In de Benoist l’universalismo è di fatto interpretato come la copertura filosofica di un processo di uniformità (più esattamente, di uniformizzazione) conformistica da parte del potere imperiale capitalistico moderno. Una forma particolarmente ipocrita ed odiosa di questo presunto universalismo è il cosiddetto “imperialismo dei diritti umani”, in cui il diritto internazionale risalente a Westfalia 1648 viene distrutto ed al suo posto si instaura una sorta di “diritto superiore” ad abbattere i cosiddetti “dittatori” (Milosevic, Saddam, ecc.), diritto imposto non da un “terzo giudicante”, ma dalla parte coinvolta accidentalmente più forte sul piano militare.

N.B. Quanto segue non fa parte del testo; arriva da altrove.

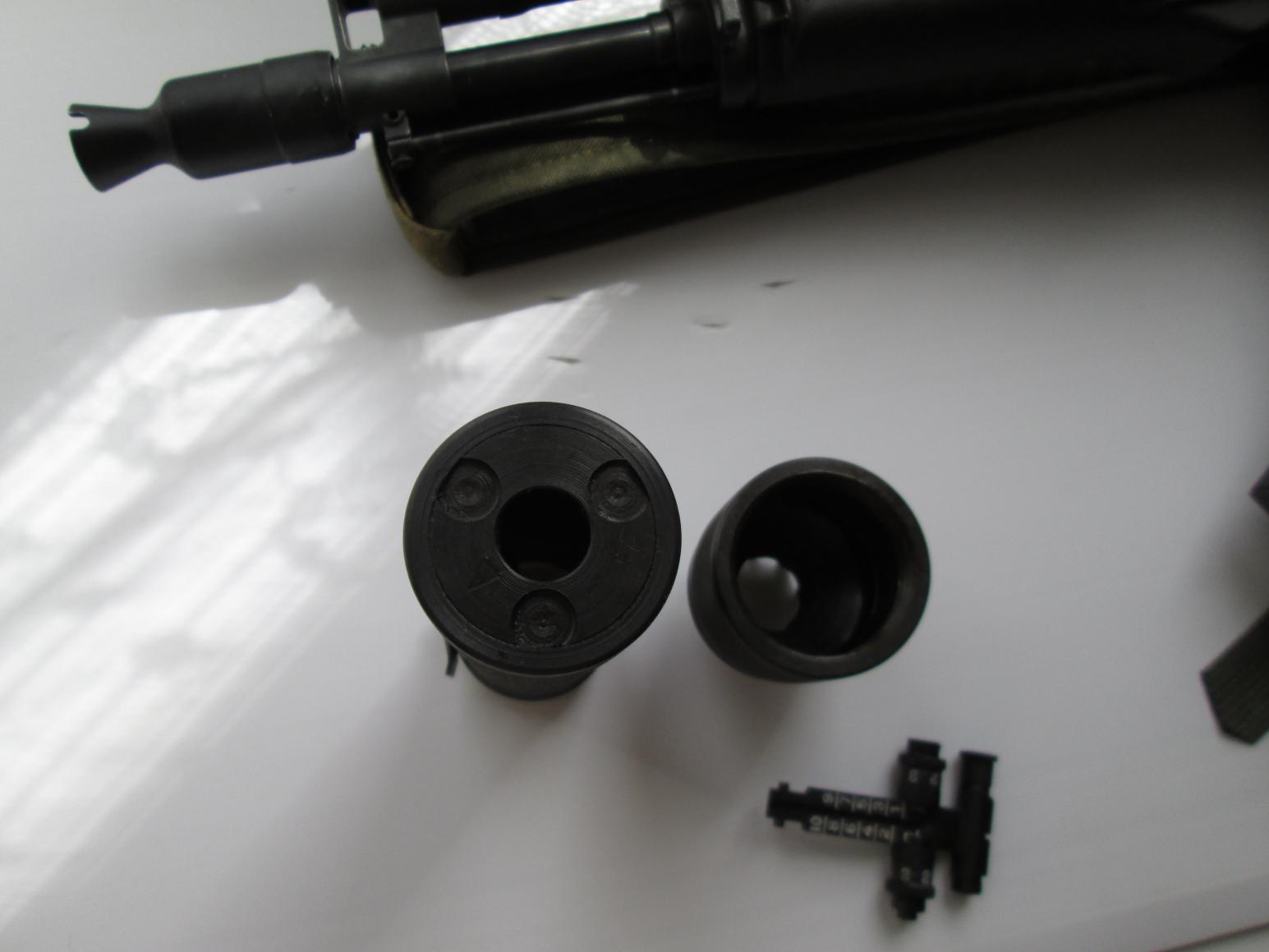 Установлена настоящая газоотводная трубка с накладкой слива, цевьё слива. Кольцо цевья с антабкой. В комплекте родные чёрные. Приклад такой стоял, не знаю от чего он. Откидывается в право, если ставить муляж оптики то очень удобно. В комплекте муляж ПБС-1 изготовлен из металла , планка для ПБС-1 настоящая. Колодка мушки, шомпол и ствол всё прикручено доп. винтами. Всё собрано без люфтов, ни где не чего не болтается.

Il 20 marzo 2003 gli assassini americani hanno ancora una volta fatto uso di questo arbitrio unilaterale contro un paese membro della comunità internazionale. Si noti che Westfalia 1648 veniva dopo un secolo e mezzo di guerre “ideologiche”, in cui cattolici e protestanti non riconoscevano un principio arbitrale superiore, ma si riservavano il diritto unilaterale di connotare l’altro come il Male e di connotare se stessi come il Bene. È evidente che di fronte agli assassini superarmati del 20 marzo 2003, che reinstaurano il principio ideologico unilaterale antecedente al 1648, de Benoist e quelli come lui sono cari amici ed alleati culturali. Ma non per questo è opportuno accettare la loro linea filosofica.

19. Di fronte al falso universalismo dell’impero americano superarmato, a mio avviso, la linea culturalmente giusta non sta nel sostenere un politeismo relativistico e differenzialistico-originario, ma sta nell’opporre a questo falso universalismo un altro universalismo alternativo migliore. Farò qui un esempio intenzionalmente semplice e forse “minore”, ma anche largamente comprensibile.

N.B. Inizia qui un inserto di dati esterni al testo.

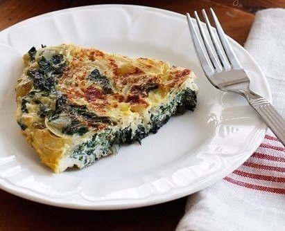 1. На среднем огне слегка обжарьте лук на масле, добавьте шпинат и готовьте под крышкой 3-4 минуты.

Prendiamo l’istituto del matrimonio. Noi siamo abituati in Occidente a considerare il matrimonio come valido solo se si basa sulla libera scelta dei coniugi e sul loro “amore” (comunque lo si voglia poi definire e determinare), e pertanto a condannare ogni forma di matrimonio combinato dalle famiglie, ecc.. Ebbene, questo tipo di matrimonio è in realtà nel mondo una vera eccezione, perché prevalgono (e prevalgono ancora, e non sono affatto in sparizione) forme di matrimonio combinate variamente dalla famiglia vera e propria o dalla famiglia clanica allargata.

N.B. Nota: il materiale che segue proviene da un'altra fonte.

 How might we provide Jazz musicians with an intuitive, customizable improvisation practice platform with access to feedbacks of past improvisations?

Nell’ottica di de Benoist non esisterebbero argomenti per poter sostenere che il matrimonio “occidentale” è migliore di quello di altri contesti culturali, che avrebbero un diritto assoluto alla propria originarietà. Il massimo che si dovrebbe perseguire è una forma di “pluralismo tollerante”, che lascia convivere forme di vita diverse, come il sistema delle millyet (nazionalità linguistiche e/o religiose) del vecchio impero ottomano.
Il sistema delle millyet, che lascia convivere in modo relativamente pacifico ebrei, armeni e greci cristiani, arabi e turchi musulmani, ecc., era certo più civile e meno barbarico del razzismo sionista e di ogni altro tipo di fondamentalismo esclusivista, ma era pur sempre un espediente politico per gestire la convivenza non distruttiva fra comunità differenti, e lasciava aperto il problema filosofico dell’universalismo.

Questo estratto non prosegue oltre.